Anyone have experience with these? I'm looking at the 5 panel.


----------



## verne socks (Feb 11, 2010)

I bought one but haven't used it much....the few times I did the wind blew it down. Might work better if it was staked. Quality is fine but for me too much work to stabilize! Want to buy it? Used twice!


----------



## tim bonnema (Jul 3, 2010)

I have three and use them daily. Love em. I stake mine down with metal tent pegs that I got at a fleet farm store. Built well and quick to set up. A little bulky compared to the ones with the posts but like I said set up is quick.


----------



## GulfCoast (Sep 24, 2007)

The only problem is that you HAVE to stake them out. Otherwise, they are very handy.


----------



## TroyFeeken (May 30, 2007)

Look at the other holding blind thread just a couple down.
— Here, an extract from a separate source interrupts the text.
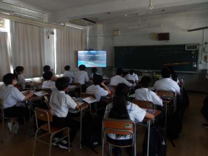 理科の授業です。スポーツの時に働くエネルギーについて動画資料を通して学んでいます。

Stakeoutinc.com is my recommendation.


----------



## tim bonnema (Jul 3, 2010)

So what is the Diff. the rest have to be staked in also? And yes I have seen them go in the wind too. If the wind is light you don't have to stake them.


----------



## TroyFeeken (May 30, 2007)

Most other holding blinds are on poles that are the stakes as well. Might as well stick it in the ground rather than set it on the ground but then again I'm in the Red River Valley here of North Dakota/Minnesota and the wind is considered "light" at 15-20mph.


----------



## jtfreeman (Jan 6, 2009)

thanks for the information guys.

Verne - what size? how much you want for it?


----------